CUBA: CPJ concerned about health of two journalists on hunger strike
New York, March 16, 2006—The Committee to Protect Journalists
expressed concern today about the health of two independent journalists
on hunger strike in Cuba, one of them in prison.
Guillermo Fariñas, director of the independent news agency Cubacán
Press, has refused food for 45 days to protest government restrictions
on journalists’ access to the Internet, and is in intensive care. Jailed
journalist Juan Carlos Herrera of the independent news agency Agencia de
Prensa Libre Oriental has gone without food for 13 days.
Fariñas has been hospitalized in the northern city of Santa Clara
since February 7, his mother Alicia Hernández told CPJ. She said he had
repeatedly lost consciousness, suffered severe headaches, and had no
feeling in his limbs. He began his fast January 31.
Herrera went on hunger strike March 4 to protest living conditions
and medical treatment in prison, his wife Iliana Danjer Hardey told CPJ.

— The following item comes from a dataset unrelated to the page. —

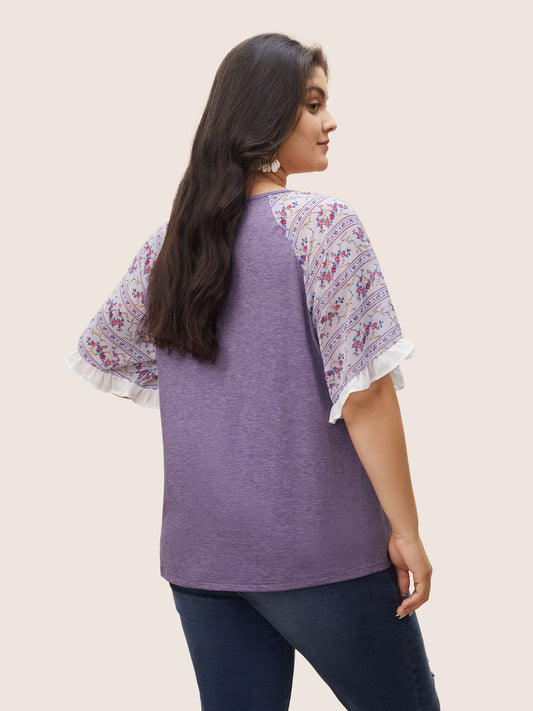 Ditsy Floral Patchwork Frill Trim Raglan Sleeve T-shirt
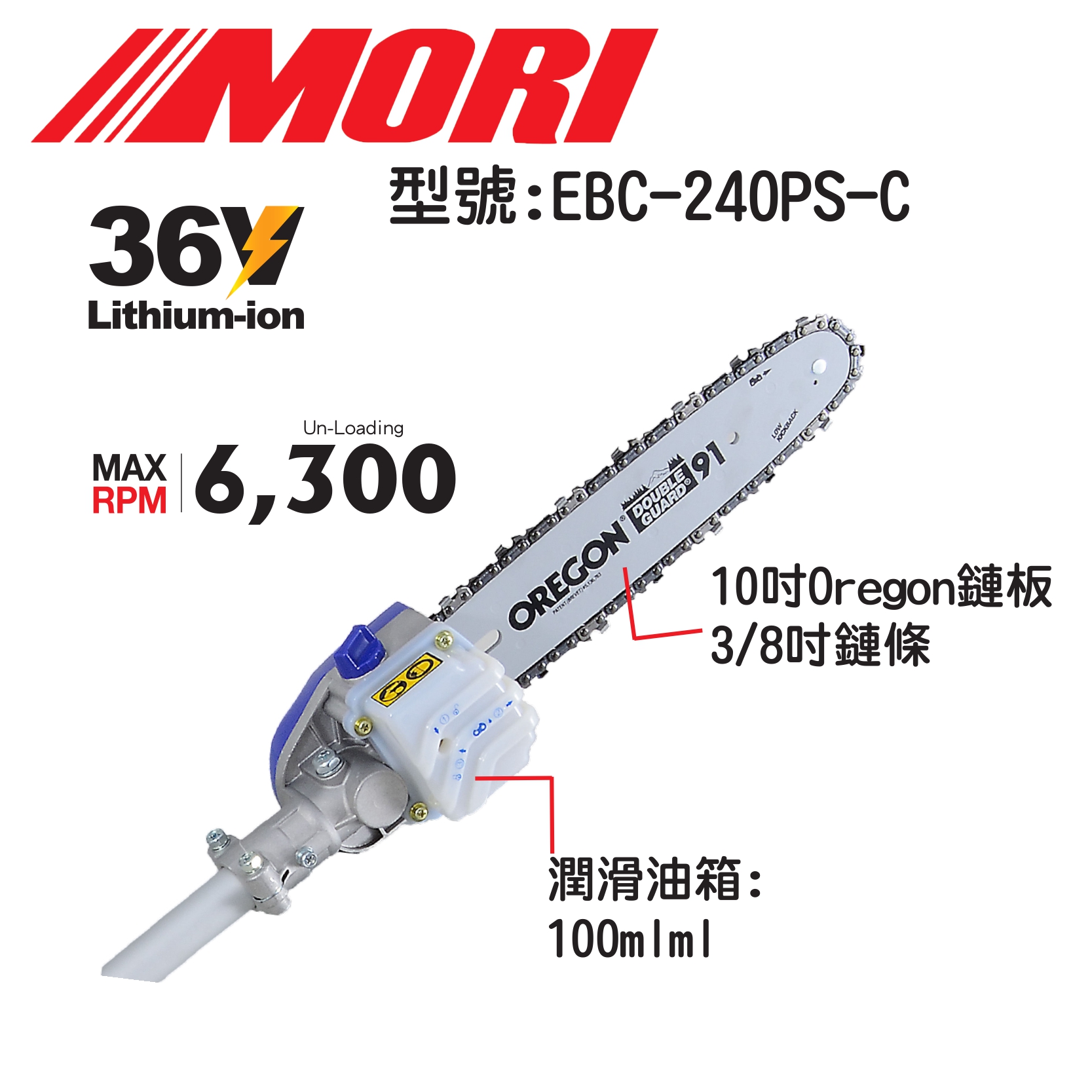 2. 鏈鋸長度為10"(美國Oregon廠牌)

She said he had been drinking water since Tuesday because of a
preexisting kidney condition. Herrera, arrested in a widespread
crackdown on the independent press in March 2003, is serving a 20-year
sentence.
“We are extremely worried about the health of both journalists,”
said CPJ Executive Director Ann Cooper. “We call on the Cuban government
to release all 24 journalists currently jailed for their work.”